Beyond the Statistical Methods: Design Strategies Impacting the Method to Compare Cohorts in Prospective Observational Studies

Author(s)

Yue B1, Colby C2, Ladouceur M3
1Evidera, Orlando, FL, USA, 2Evidera, Oakland, CA, USA, 3Evidera, Montreal, QC, Canada

BACKGROUND: The comparison of outcomes from different cohorts in observational studies is subject to many biases, due in part to important imbalances between the characteristics of the cohorts. Many statistical methods exist to control confounding in this context, such as propensity score matching (PSM), inverse probability weighting (IPW), regression (R), and exact matching (EM). Most papers comparing methods either explain the statistical mechanism of each method or perform simulations. In real-word studies, most assumptions cannot be verified. Therefore, there is a need to provide clear guidance on planning the study design scenario for which each method would be optimal, not only from an analytic perspective but from a feasibility approach that considers the essential elements of the underlying research question.

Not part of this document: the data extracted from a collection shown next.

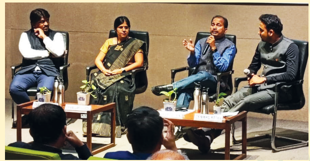
ICSI-Pune Chapter organised ESG conclave on 29 th May 2024 at Bhandarkar Research Institute, Shivajinagar, Pune.
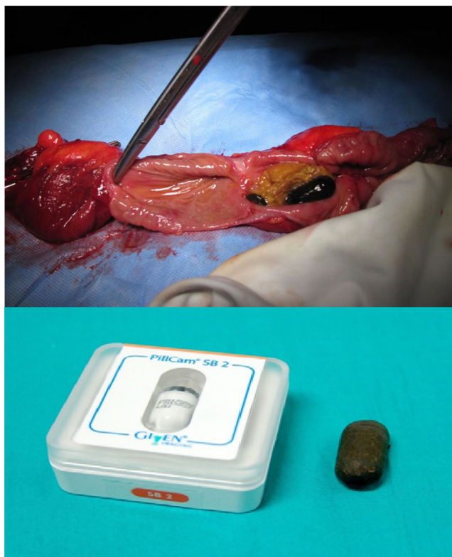
Figure 2 Segment of the resected small bowel containing the retained capsule.

The authors also reviewed the capsule study confirming that no stenosis was identified. Interestingly, the patient did not remember any abdominal symptoms during the 7 years of capsule retention.
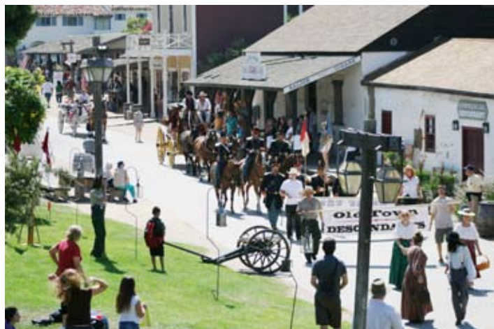
Old Town Descendants, dragons, and horse drawn wagons were part of the parade.

Telephone, email, text message—what was life like before instant communication? Can you imagine the thrill of the people in San Diego when the Overland Mail first arrived on August 31, 1857? Labor Day weekend this past year cel-
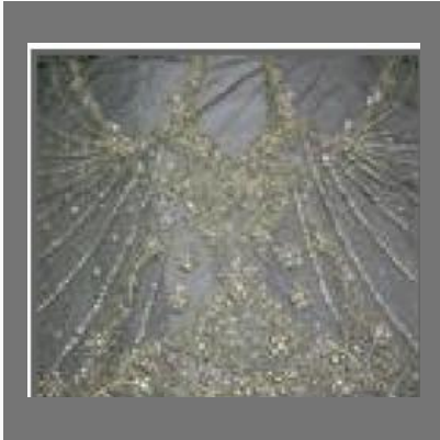
Bustier Design Dress
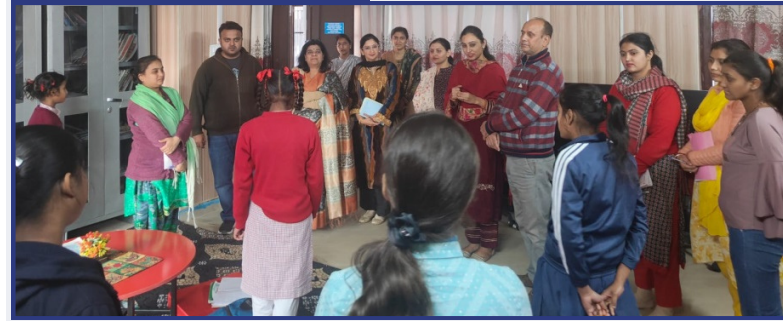
Visit to Bharatiya Samaj Seva Kendra (SAA); SAKAR (SAA) & Lions Bal Club (CCI) in Aurangabad, Maharashtra on 30th November 2023
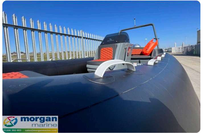
Highfield Sport 520 aluminium RIB - grab handles
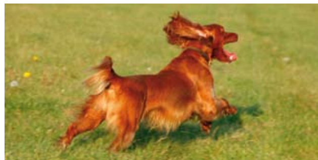
Feeding a balanced healthy diet with regular exercise and active weight management can make a huge difference to your pets mobility

ing the ends of the bones and formation of secondary new bone around the joint. Affected joints usually appear stiff, swollen and painful. Typical signs include: difficulty in getting to their feet after rest, and (for dogs) problems getting in and out of cars and often a reluctance to go on walks.
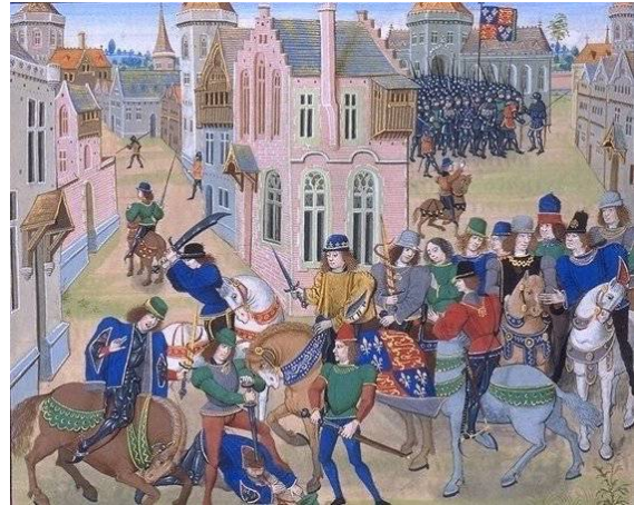
Richard II watches Wat Tyler's death and addresses the peasants in the background

John of Gaunt, his uncle, ruled on Richard's behalf for the first years of his reign and it was the Peasants' Revolt of 1381 that brought Richard into the limelight. It fell to him personally to negotiate with Wat Tyler and the
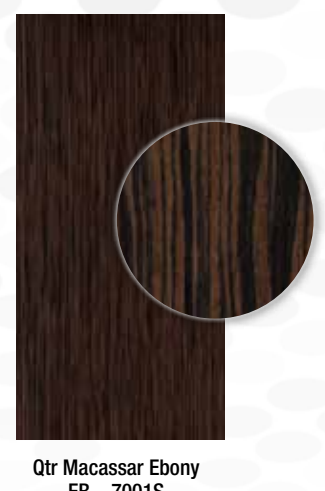
Qtr Macassar Ebony EB – 7001S
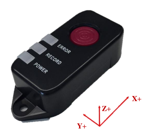
Figure 3.1 Installation Position
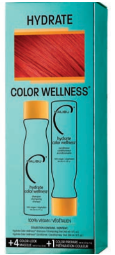
Collection (Shampoo & Conditioner + 4 Color-Lock sachets + 1 Color Prepare sachet) 15047

OBJECTIVES: The authors present several popular methods to account for confounding variables in the context of a prospective comparative study and illustrate the pros and cons of those methods applied in typical prospective study scenarios.

METHODS: Several aspects were considered for the conceptualization of the study, such as data sources, data quality, data availability, overlap, and recruitment logistics. Statistical methods presented will focus on PSM, IPW, R, and EM. The methods will be investigated for external control arms, rare diseases, and prevalent disease studies.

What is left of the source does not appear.